Superannuation funds should review and reconstruct their lifecycle strategies, independent advisory Frontier Advisors argues in a research paper titled “Lifestyle investing – a refresher”, to avoid sacrificing too much investment performance in their efforts to address the sequencing risk those nearing retirement face.
Frontier Advisors also found some retail funds are using lifecycle strategies to transition members into cheaper, more defensive asset classes, but still charging the same fees as for more expensive growth assets.
David Carruthers, Frontier’s head of member solutions research and principal consultant, says there is still a place for lifecycle products but many are lacking in how they are designed.
“There are lots of different ways to design a lifecycle product,” Carruthers says, “and it doesn’t necessarily need to end up with the expectation that members’ balances in retirement will be less if you go down [the lifecycle route] compared to just a single, default balance-type fund.”
Lifecycle products automatically de-risk members’ portfolios as they age, moving from a higher-growth and higher-risk profile to a more defensive profile when the member hits certain age milestones.
Frontier and other critics have argued the problem with this strategy is it misses the best time to enjoy the returns of an aggressive strategy – that is, when balances are at their highest. Giving up investment performance too early can significantly reduce a portfolio’s final balance.
Life doesn’t end at retirement and retirees draw down on their final balance over decades. A long-term investment horizon is still in place and there should still be some room for well-performing investments, Frontier argues.
Carruthers says mass-customisation approaches don’t take into account the widely varying needs of different members with different situations. A member with a lower balance that they plan to take as a lump sum at retirement will require different strategies to another with a higher balance that will be drawn down over time. The latter member will want to enjoy gains on what is still invested.
“What we’re trying to encourage the funds [to accept] is that there’s no one-size-fits-all type of approach, it depends on the membership characteristics, how much money the members have at retirement, how do they use it – all those types of things go into how they design it.”
Frontier’s report states that enhancements to lifecycle products could come from better defining member cohorts, going beyond age to other factors, such as gender, salary contribution rates and time to retirement, as Brisbane-based QSuper has done.
This increasing complexity could, however, increase fees, making a product less suitable as a MySuper offering and more ideal as a ‘choice’ product, the report states.
But Carruthers still believes lifecycle strategies can be used effectively in default options.
Lifecycle products should also have a greater focus on post-retirement income, the report argues. Rather than focusing on a target return such as CPI plus 3.5 per cent, they could instead focus on achieving a desired income after retirement, allowing the member to better gauge whether it is the correct strategy.

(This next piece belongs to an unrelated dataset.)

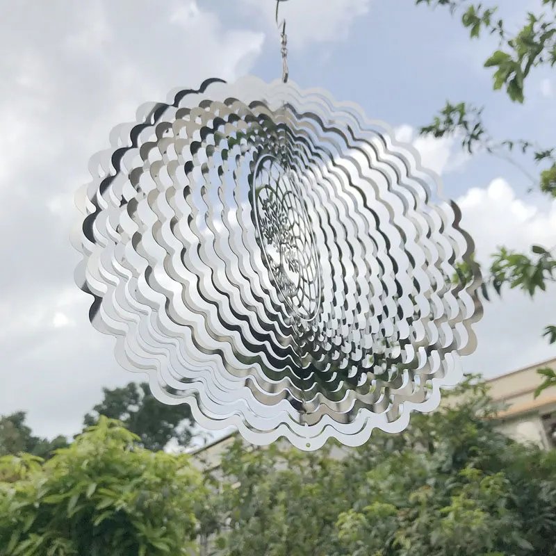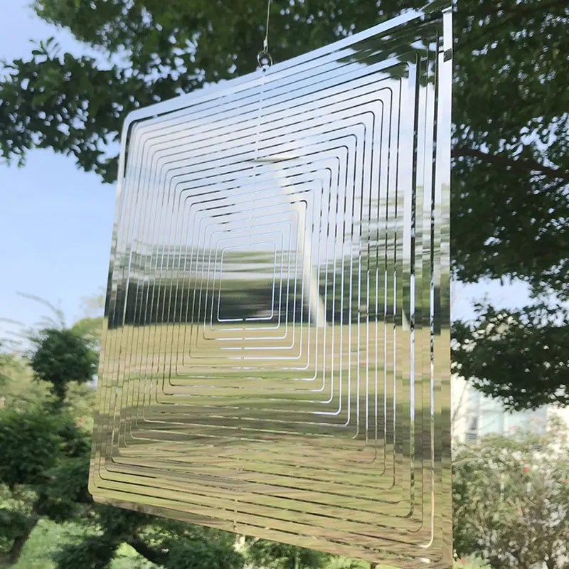 Heart Square Drop Shape Stainless Steel 3D Rotating Wind Spinner Chime Metal Decor Home Garden Decoration Outdoor Indoor Rooms

They should also be more tuned in to the prevailing market environment, rather than shifting into defensive investments irrespective of the return outlook, the report recommends.

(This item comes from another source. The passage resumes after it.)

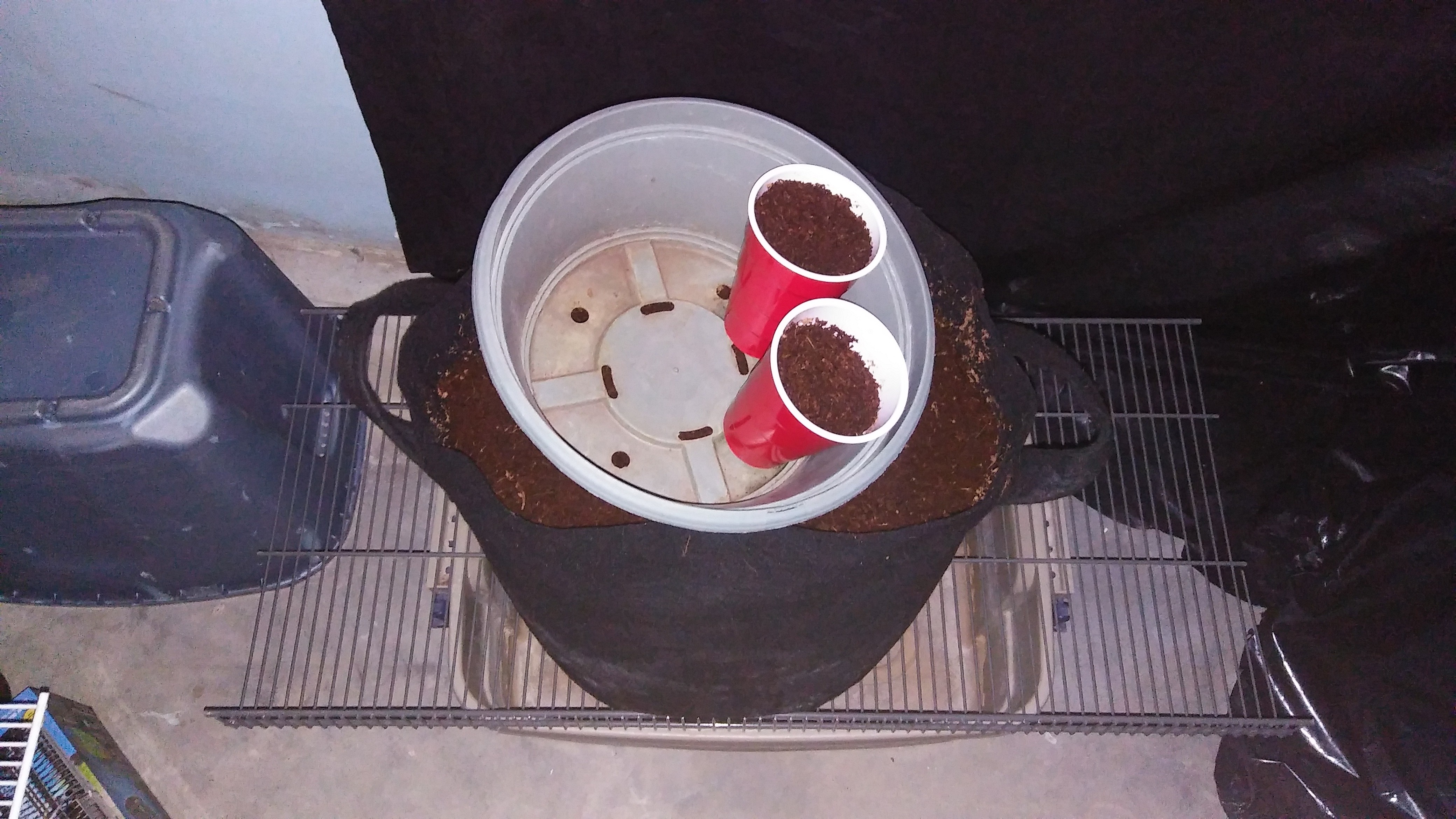 this evening. Click image for larger version  Name:	IMG_20180108_173738280.jpg Views:	1 Size:	668.3 KB ID:	161953 The bucket is weighted to make it fairly stable. Might as well finish em off and just start over. Not sure how I managed to make it to harvest.

The impetus for Frontier’s research came from the Productivity Commission’s draft report as part of its review of the superannuation system, which stated that most members would maximise their retirement income with a balanced portfolio before and after retirement, and that lifecycle products were better suited to the ‘choice’ segment of the market.

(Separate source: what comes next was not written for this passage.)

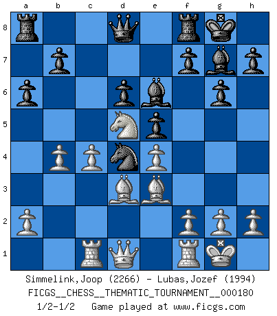 Last move : 1/2-1/2 2014 May 4 18:44:2 [Event "FICGS__CHESS__THEMATIC_TOURNAMENT__000180"] [Site "FICGS"] [Date "2014.04.15"] [Round "1"] [White "Simmelink,Joop"] [Black "Lubas,Jozef"] [Result "1/2-1/2"] [WhiteElo "2266"] [BlackElo "1994"] 1.e4 c5 2.Nf3 a6 3.c4 Nc6 4.d4 cxd4 5.Nxd4 Nf6 6.Nc3 e5 7.Nf5 d6 8.Bd3 g6 9.Ne3 Bg7 10.O-O O-O 11.Ned5 Nxd5 12.Nxd5 Nd4 13.Be3 Be6 14.Rc1 Qa5 15.b4 Qd8 1/2-1/2 Sicilian : O'Kelly variation Kingside Castling by player White (move 10) Kingside Castling by player Black (move 10) This chess game ended in a draw. Follow this game move after move (download)It began to feel as though you were playing against Chess itself. - On playing against Robert Fischer. (Walter Shipman) Ich habe die Schachforschung dermaßen betrieben, dass sie auf eine wissenschaftliche Basis gestellt wurde. (Mikhail Moiseyevich Botvinik) El Ajedrez es un cuento de Hadas de las 1001 metidas de pata. (Savielly Tartakower) Le moment que je préfère le plus dans une rencontre, c'est celui où je sens que la personnalité de l'adversaire se brise. (Robert Fischer) Happy endings are just stories that haven't finished yet. (Jane Smith in Mr & Mrs Smith)

About 30 per cent of MySuper products use lifecycle strategies, Australian Prudential Regulation Authority figures state, and this approach has gained particular popularity in the retail sector.
One issue Frontier discovered, predominantly with retail funds, was some were grouping members into funds based on the year or decade they were born. These funds would gradually shift their allocation from high-growth to more conservative investments. But the fees weren’t changing, even as the investment mix shifted to cheaper investments.
“If you are stuck in a 1960s fund, and they’re still charging you the same as when they had a whole lot of growth assets, which are more expensive, but now you’re all in cash, which is cheap, the fee should decrease along the way,” Carruthers says. “We don’t know that that happens all the time. You might end up in a conservative fund that is charging you a high-growth-comparable fee.”
Lifecycle products may also perpetuate a low level of engagement from members, if funds consider the job done instead of actively checking in with older members and customising strategies to fit their stage in life, Carruthers says.
Funds Investment Magazine has contacted in recent months, including Sunsuper and First State Super, stated they were mulling changes to their lifecycle products.
A recent Rice Warner analysis argued lifecycle products should be redesigned, but not “relegated to the dust bin”.